Eventually the isolation became too much for her and she handed herself in at a police station. She was given a youth referral order and, for the first time, placed in a care home.
She didn't know it at the time, but this marked the first stage in turning her life around.
By the time she arrived at Bridges Lane, a sprawling building in Croydon, south London, Aliyah was 15. When she arrived, she put on a front, as though she wasn't afraid, but deep down she was - this was a new experience for her.
On her first day, an adult member of staff laid down the rules: there was a curfew and she had to be home on time. Every night all the residents would sit down and eat dinner with care workers.
"She just laid the law down to me and that's what I needed," Aliyah recalls. She'd never experienced discipline before. "I loved it. I just didn't show it, because I didn't trust no-one."

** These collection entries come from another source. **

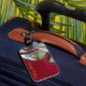 Etiqueta De Bagagem Calgary Cityscape through Peace Bridge at Evening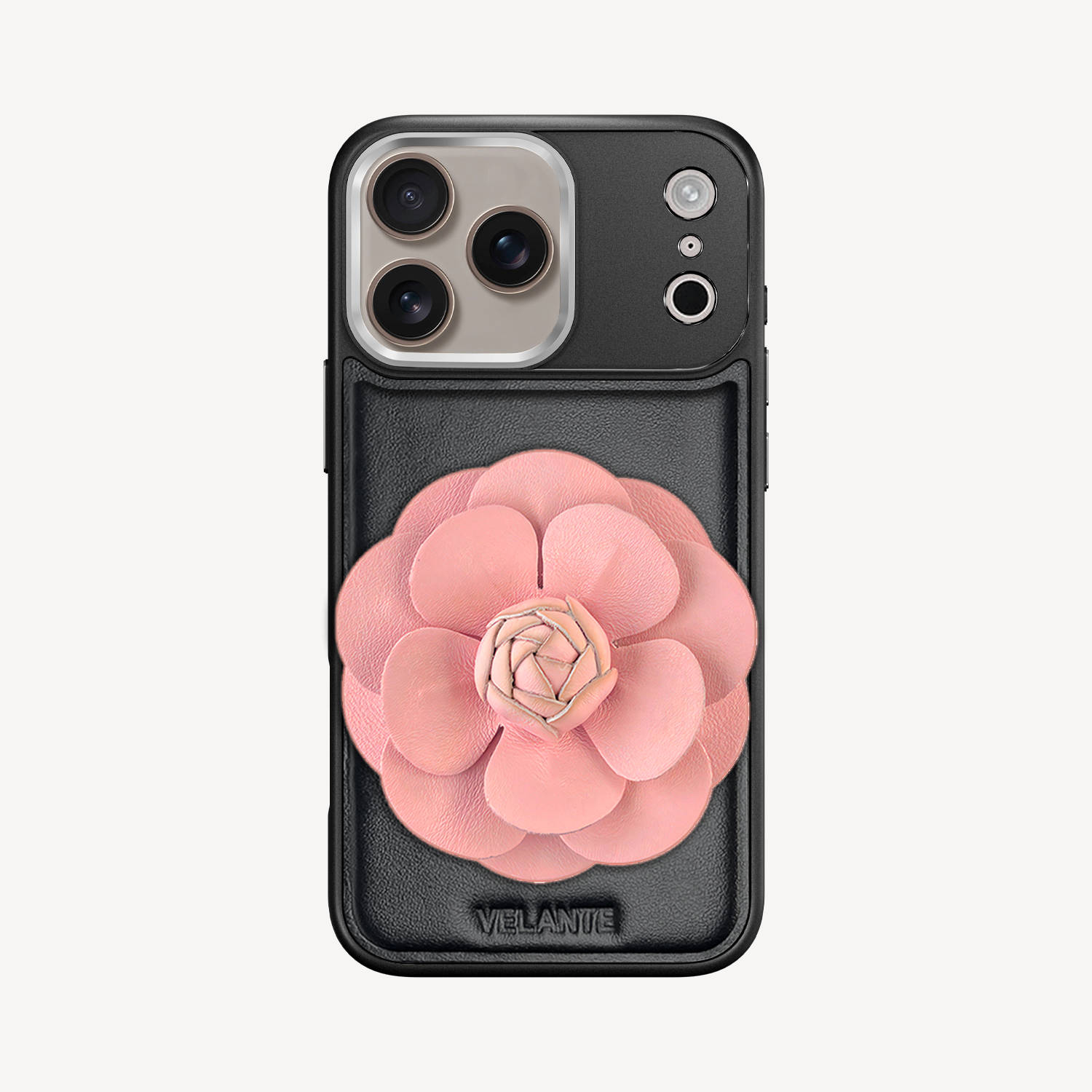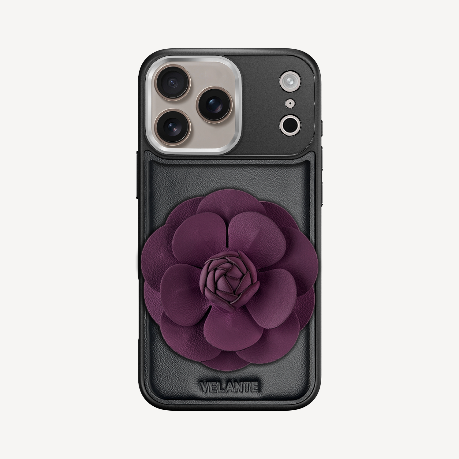 The phone case remains the same: crafted from smooth black leather with subtle VELANTE embossing.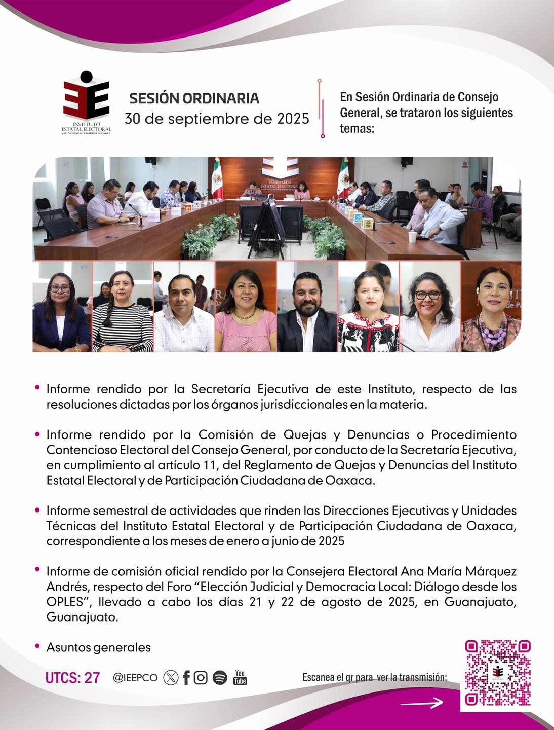 October 1, 2025Juan MorgaOaxacaIEEPCOEl Consejo General del Instituto Estatal Electoral y de Participación...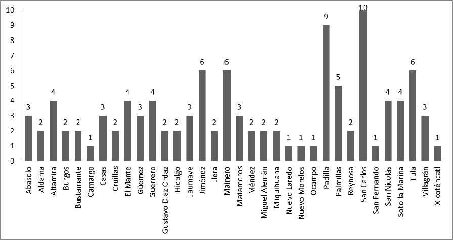 Al analizar las ciento ocho resoluciones de la ASE Tamaulipas de 2015 a 2017, se tiene que todas fueron procedimientos para el fincamiento de responsabilidades, en todos los casos se trató de resoluciones definitivas. En esas resoluciones hacen referencia a treinta y cuatro de los cuarenta y tres municipios que conforman el estado de Tamaulipas, no hay ningún procedimiento iniciado en Victoria -el municipio que alberga la capital del estado- y los municipios que más resoluciones tuvieron son San Carlos y Padilla (véase Figura 1), esto es, municipios rurales y con poca densidad poblacional.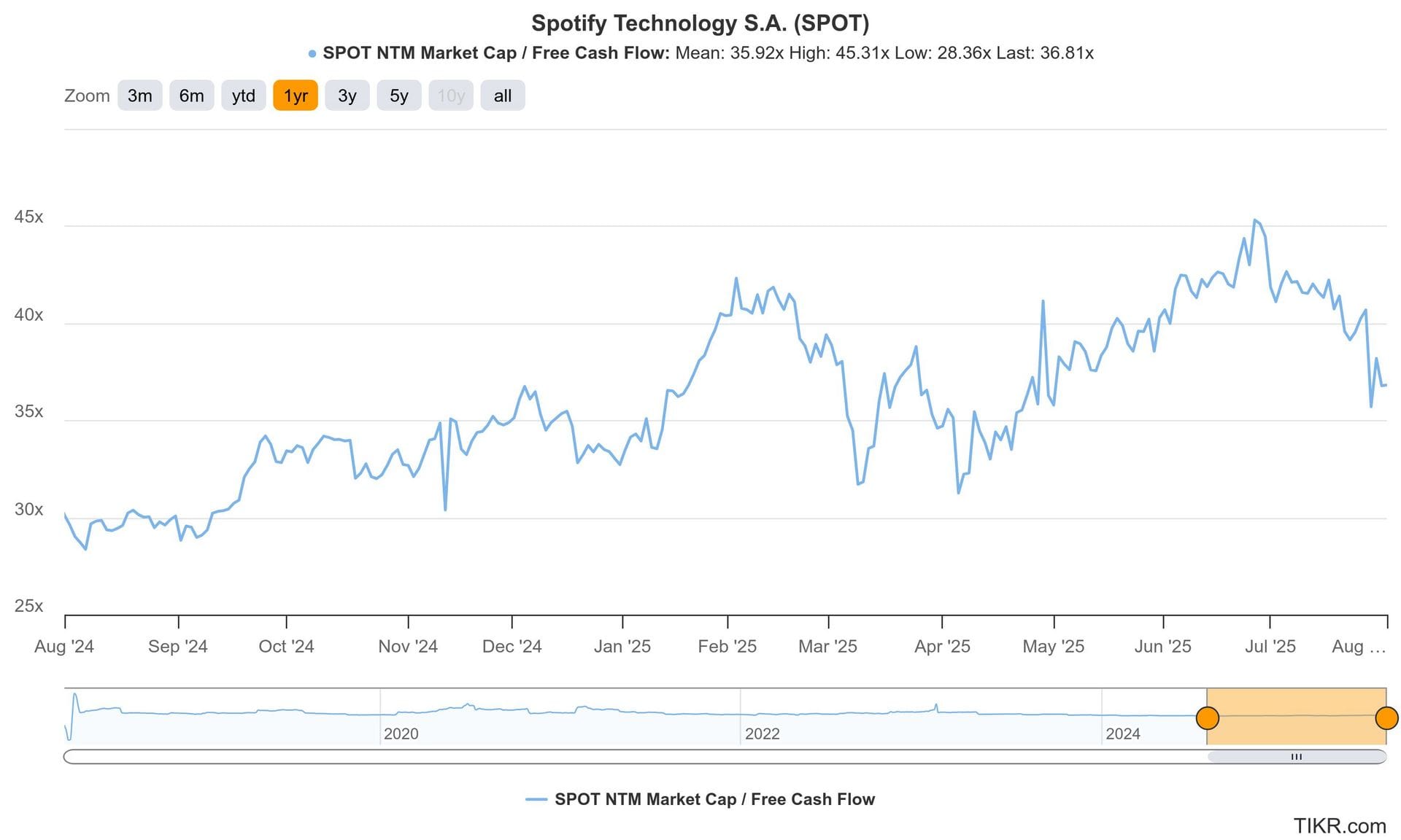Spotify trades for 37x forward FCF. FCF is expected to grow by 19% this year and by 25% next year.

Aliyah had a rocky start at Bridges Lane - misbehaving, seeing how far she could push boundaries. "I think I was testing them, but I was also crying out for help," she says. "I needed a family. I just wanted to just cry and hug someone and I got to do that here. And I met Rowena."
Rowena Miller was her assigned key worker - this was Rowena's very first job. Somehow Aliyah instantly knew that Rowena ultimately had her back. It was the first time in her life that she felt that someone believed in her.
"I was definitely traumatised from my life," she says. "And a bit of that still lives in me now.
"I know how to manage it a lot more than how I did before - because I didn't know I was traumatised. Before, I didn't know what was going on."
The effects of exploitation can last for years and many girls like Aliyah don't ever manage to escape it. But Aliyah did.
"That home toned me down," she says. "I wasn't lost any more."
She left Bridges Lane with a new attitude. Then, aged 16, she discovered she was pregnant. It was a wake-up call. "I wasn't going to let my child experience even a quarter of what I went through," she says.
She knew she was still on the radar of social services and that her baby would be taken from her if she transgressed at all. She attended every single meeting she was called to, followed instructions to quit smoking and drinking.
Seven years ago, her daughter was born. It had been a hard pregnancy, but she believes the experience changed her life. "If it wasn't for her I wouldn't be here - she saved me," Aliyah says. "She's seven, and she experienced nothing I experienced when I was seven. And I thank the Lord every day for that."
Today Aliyah lives with her daughter in what she describes as not just a house, but also a home.
They live a normal life - Aliyah works, she enjoys writing poetry and is about to embark on studies to become a social worker so that she can help children in the same way that Rowena helped her.
"I'm still on a journey. My daughter is in my care. I'm a mum, I've got a home, not a house. I work. The community in the area that I live in, it smiles at me every day. I made it. And I'm in a better place."